Required payments to fully fund SERS have grown rapidly since 2009, according to the information provided by OFA.
In 2009, SERS required $753.7 million per year in order to meet its annual required contribution. The state short-changed the pension fund that year by seven percent and continued paying less than the required amount by upwards of 20 percent through 2011.
Under Gov. Dannel Malloy’s administration, Connecticut maintained 100 percent funding from 2012 through 2014. Payments through 2017 hovered around 99 percent.
But the damage had been done. The few years of fully funding the pension system was not enough to undo two decades of short-changing the pension system under a series of agreements between governors Lowell Weicker and John Rowland and the State Employee Bargaining Agent Coalition.
Connecticut state law required the pension system to be fully funded by 1985 and to maintain that funding. Agreements between union leaders and past governor’s, however, overrode that statute and allowed Connecticut to short-change the pension system. The result was a ballooning payment system which is now crowding out other state spending.
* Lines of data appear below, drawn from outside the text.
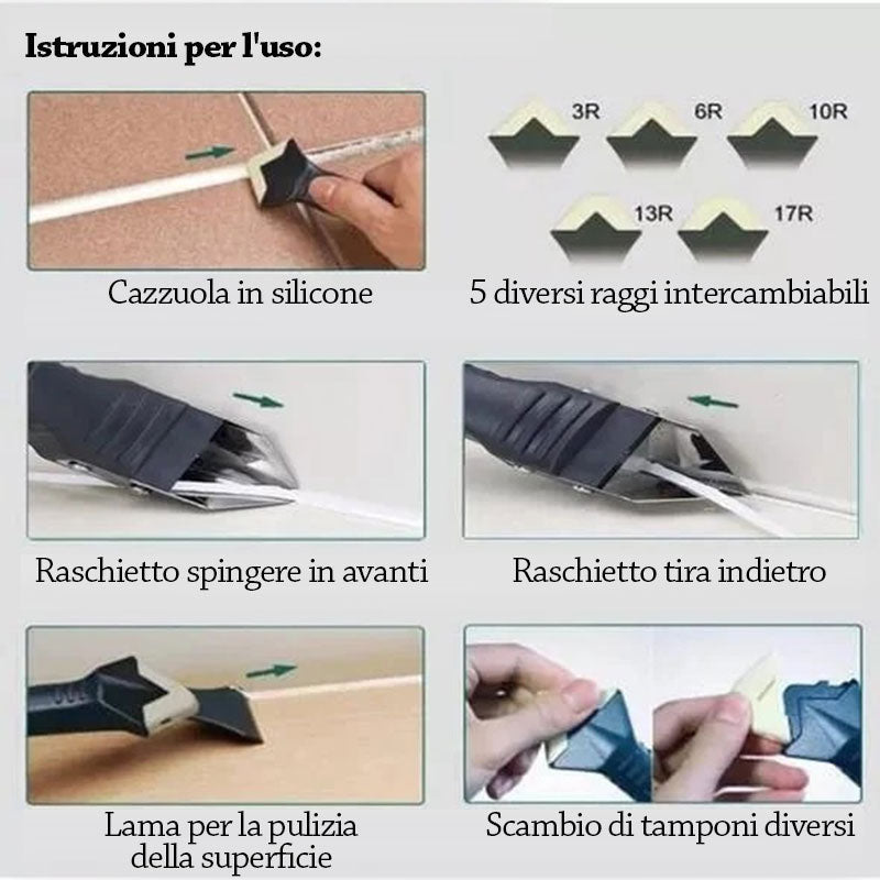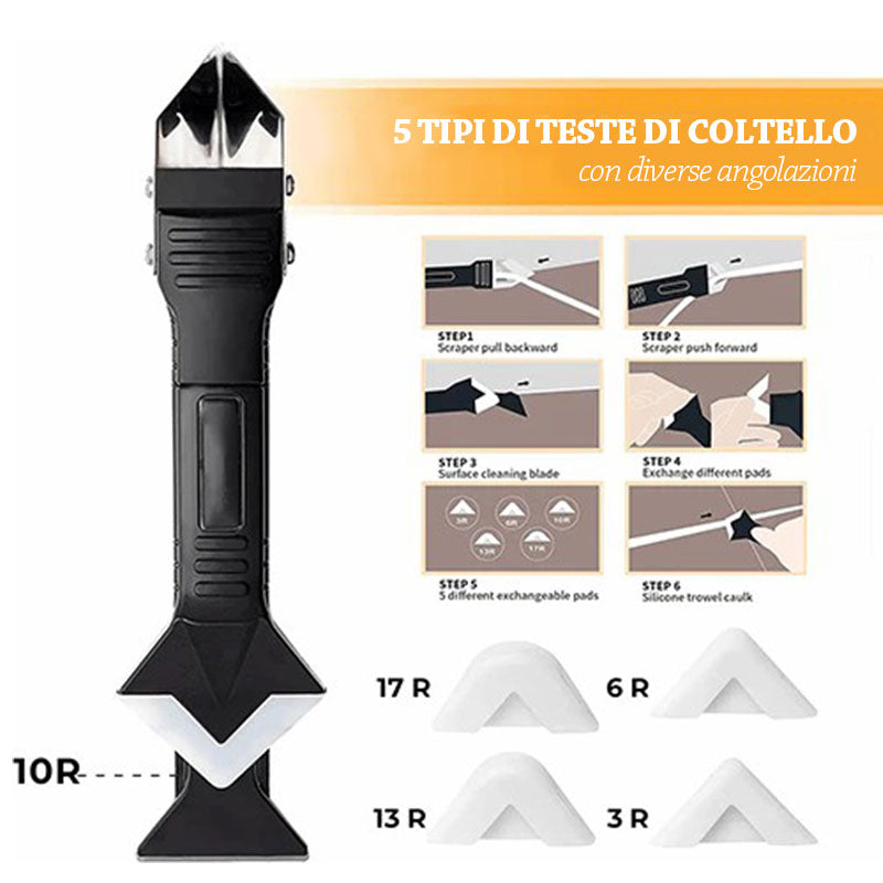 ✔️ 3-in-1 Vielseitigkeit: Spachtel, Silikonschaber und Präzisionsklinge – alles in einem einzigen Werkzeug vereint.
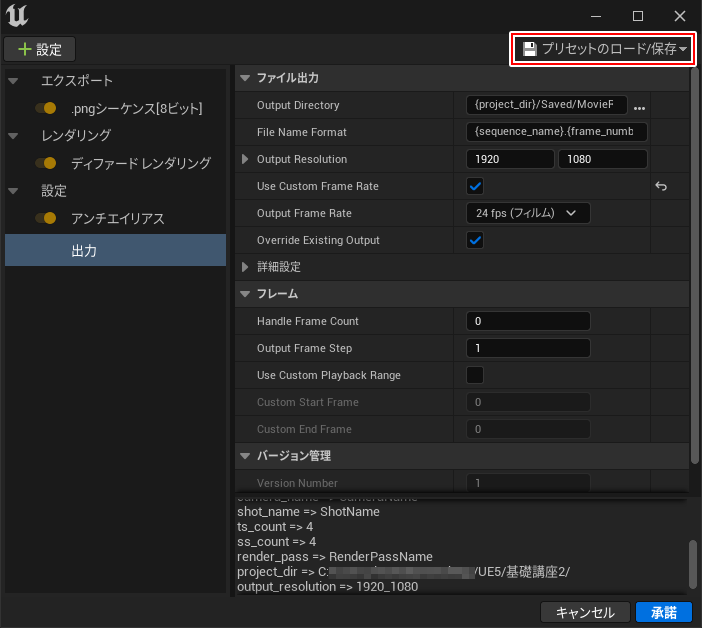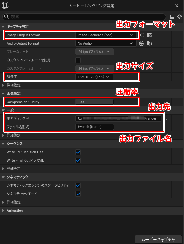 シネマティック ムービーの出力|Unreal Engineドキュメント
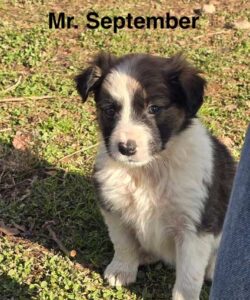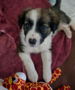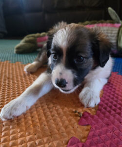 September is a handsome tri-color male. He is a bouncy little puppy who has enjoyed running “zoomies” around the house! His current preferred sleeping position is belly-up while his favorite feeding position is face-down and body blocking the food dish if allowed. He enjoys lots of playtime with toys, even toys that are five times his size. He is fast on his feet & will be even faster once his little brain fully connects to his feet! He is always on standby to do some running and also loves the company of other dogs!
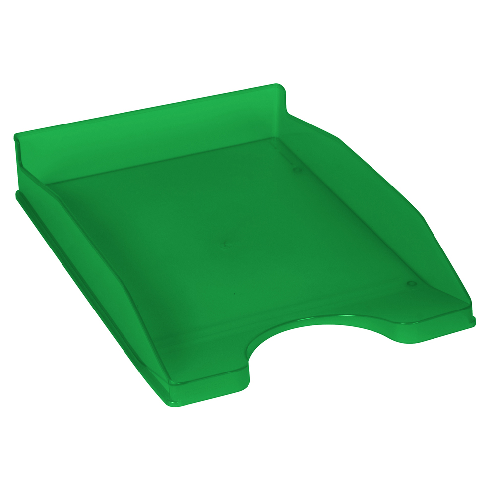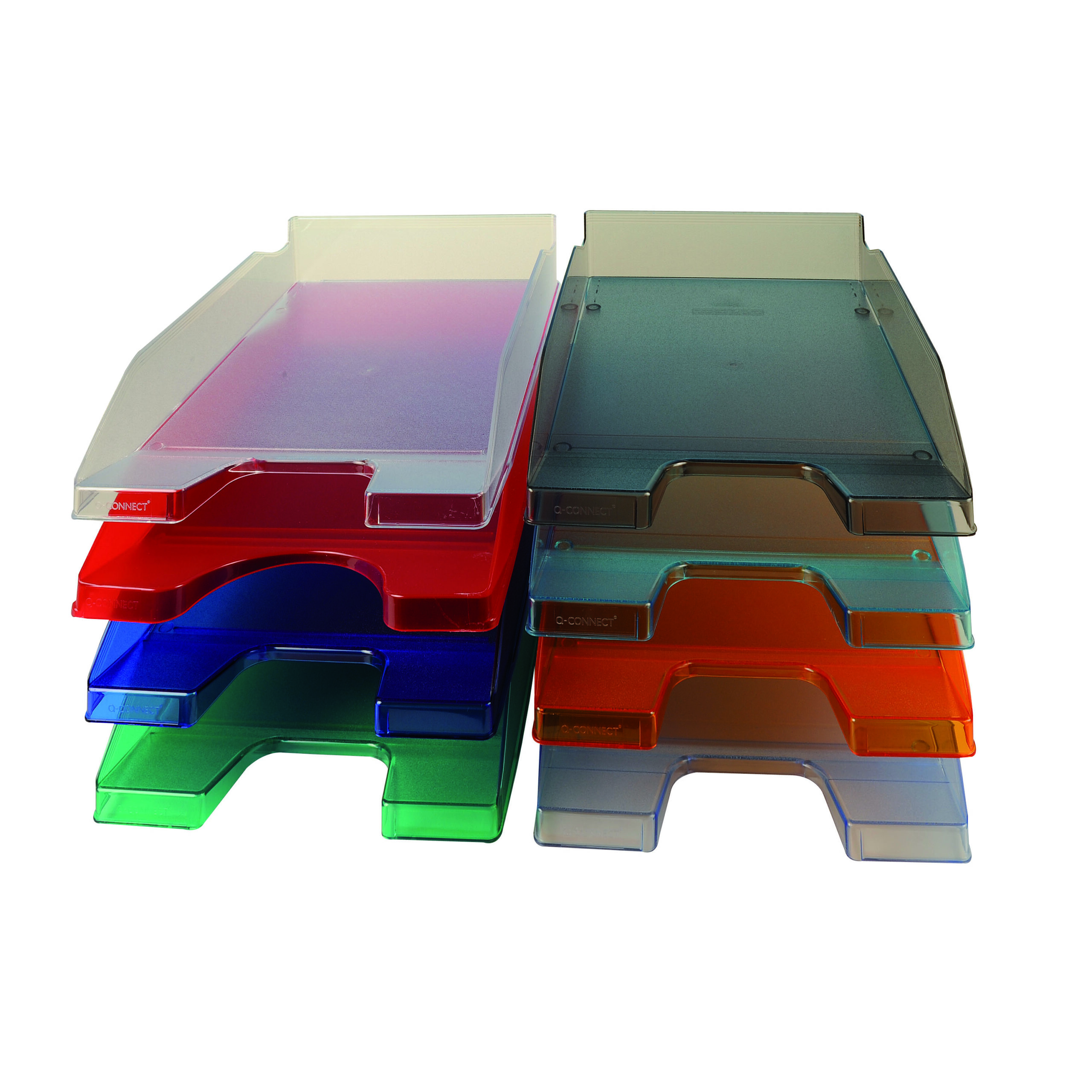 COMMERCIAL INFORMATION:Q-Connect translucent Letter Tray. The high quality stackable Letter Tray is made of thick, rigid Polystyrene and has 2 label holders on the front. Dimensions: 345 x 255 x 60mm. Colour: Translucent Green.
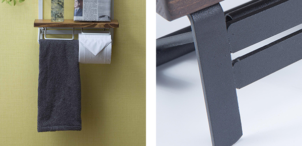 | タオルも掛けられる スチール素材のバーにはタオルなどを掛けておくことが出来ます。 | スチール素材 スチール部分には錆びにくくする、粉体塗装が施されています。 |

According to the OFA fact sheet, annual payments into SERS are projected to grow to $1.7 billion by 2021, a nearly $1 billion increase since 2009.
Part of the decline in Connecticut pension funding ratio may be related to lowering the assumed rate of return for SERS — known as the “discount rate” — from 8 percent to 6.9 percent in 2017.
Connecticut’s pension problem affects nearly every aspect of state government as departments struggle to cope with rising fringe benefit costs due to unfunded liability payments.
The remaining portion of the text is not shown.